Extracts the integer value of the expression, if there is one.

The returned value may be negative or null.

  • raises Failure

    if the expression is not a constant integer.

val rounding_mode_view : t -> Fpa_rounding.rounding_mode

Extracts the rounding mode value of the expression, if there is one.

  • raises Failure

    if the expression is not a constant rounding mode.

pretty printing

val print : Stdlib.Format.formatter -> t -> unit
val print_list : Stdlib.Format.formatter -> t list -> unit
val print_list_sep : string -> Stdlib.Format.formatter -> t list -> unit
val print_triggers : Stdlib.Format.formatter -> trigger list -> unit
val pp_smtlib : t Fmt.t

pp_smtlib ppf e prints the expression e on the formatter ppf using the SMT-LIB standard.
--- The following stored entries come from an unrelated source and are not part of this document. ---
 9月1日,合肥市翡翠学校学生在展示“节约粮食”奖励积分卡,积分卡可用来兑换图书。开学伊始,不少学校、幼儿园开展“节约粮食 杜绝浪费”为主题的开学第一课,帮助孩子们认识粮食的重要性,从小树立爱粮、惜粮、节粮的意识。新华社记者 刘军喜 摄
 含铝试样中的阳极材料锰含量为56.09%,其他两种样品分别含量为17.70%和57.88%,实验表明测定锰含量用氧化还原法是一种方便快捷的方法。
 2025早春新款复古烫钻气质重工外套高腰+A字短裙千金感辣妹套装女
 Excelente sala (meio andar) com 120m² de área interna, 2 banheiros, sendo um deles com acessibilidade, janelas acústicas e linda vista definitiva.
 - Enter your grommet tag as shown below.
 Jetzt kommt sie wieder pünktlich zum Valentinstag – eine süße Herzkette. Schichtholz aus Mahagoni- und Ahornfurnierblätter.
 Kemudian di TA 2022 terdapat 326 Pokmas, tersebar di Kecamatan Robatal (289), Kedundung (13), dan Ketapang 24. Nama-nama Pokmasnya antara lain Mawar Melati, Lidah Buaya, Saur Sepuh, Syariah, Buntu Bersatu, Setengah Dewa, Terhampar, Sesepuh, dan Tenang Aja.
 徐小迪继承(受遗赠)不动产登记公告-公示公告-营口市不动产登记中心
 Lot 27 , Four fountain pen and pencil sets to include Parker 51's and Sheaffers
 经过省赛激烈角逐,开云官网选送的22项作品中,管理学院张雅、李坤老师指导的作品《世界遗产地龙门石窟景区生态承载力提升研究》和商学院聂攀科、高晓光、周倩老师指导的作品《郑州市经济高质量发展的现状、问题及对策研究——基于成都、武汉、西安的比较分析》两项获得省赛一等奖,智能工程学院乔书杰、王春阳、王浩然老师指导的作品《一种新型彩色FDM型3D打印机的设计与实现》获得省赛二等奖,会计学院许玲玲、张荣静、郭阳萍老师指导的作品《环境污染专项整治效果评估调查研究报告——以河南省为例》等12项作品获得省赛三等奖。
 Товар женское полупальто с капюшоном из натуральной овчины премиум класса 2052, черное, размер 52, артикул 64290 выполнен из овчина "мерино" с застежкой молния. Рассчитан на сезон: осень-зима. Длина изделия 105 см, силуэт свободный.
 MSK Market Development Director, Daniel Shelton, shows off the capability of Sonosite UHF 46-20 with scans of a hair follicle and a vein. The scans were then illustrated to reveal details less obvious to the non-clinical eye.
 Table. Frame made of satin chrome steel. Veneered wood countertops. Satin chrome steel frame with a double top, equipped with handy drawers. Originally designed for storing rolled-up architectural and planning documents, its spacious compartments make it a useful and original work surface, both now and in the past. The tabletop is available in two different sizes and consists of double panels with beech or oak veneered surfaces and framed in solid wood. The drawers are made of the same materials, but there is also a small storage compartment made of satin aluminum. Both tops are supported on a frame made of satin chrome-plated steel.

Comparison and hashing functions

val compare : t -> t -> int
val equal : t -> t -> bool
val hash : t -> int
val uid : t -> int
val compare_subst : subst -> subst -> int
val equal_subst : subst -> subst -> bool
val compare_quant : quantified -> quantified -> int
val compare_let : letin -> letin -> int
val free_vars : t -> (Ty.t * int) Var.Map.t -> (Ty.t * int) Var.Map.t

Some auxiliary functions

val free_type_vars : t -> AltErgoLib.Ty.Svty.t
val is_ground : t -> bool
val size : t -> int
val depth : t -> int
val is_positive : t -> bool
val neg : t -> t
val is_int : t -> bool
val is_real : t -> bool
val type_info : t -> Ty.t
val symbol_info : t -> Symbols.t

Labeling and models

val add_label : Hstring.t -> t -> unit
val label : t -> Hstring.t
val name_of_lemma : t -> string
val name_of_lemma_opt : t option -> string
val print_tagged_classes : Stdlib.Format.formatter -> Set.t list -> unit

smart constructors for terms

val mk_trigger : ?user:bool -> ?depth:int -> ?hyp:t list -> t list -> trigger
val mk_term : Symbols.t -> t list -> Ty.t -> t
val vrai : t
val faux : t
val void : t
val int : string -> t
val real : string -> t
val bitv : string -> Ty.t -> t
val fresh_name : Ty.t -> t

Special names used for AC(X) abstraction. These corresponds to the K sort in the AC(X) paper.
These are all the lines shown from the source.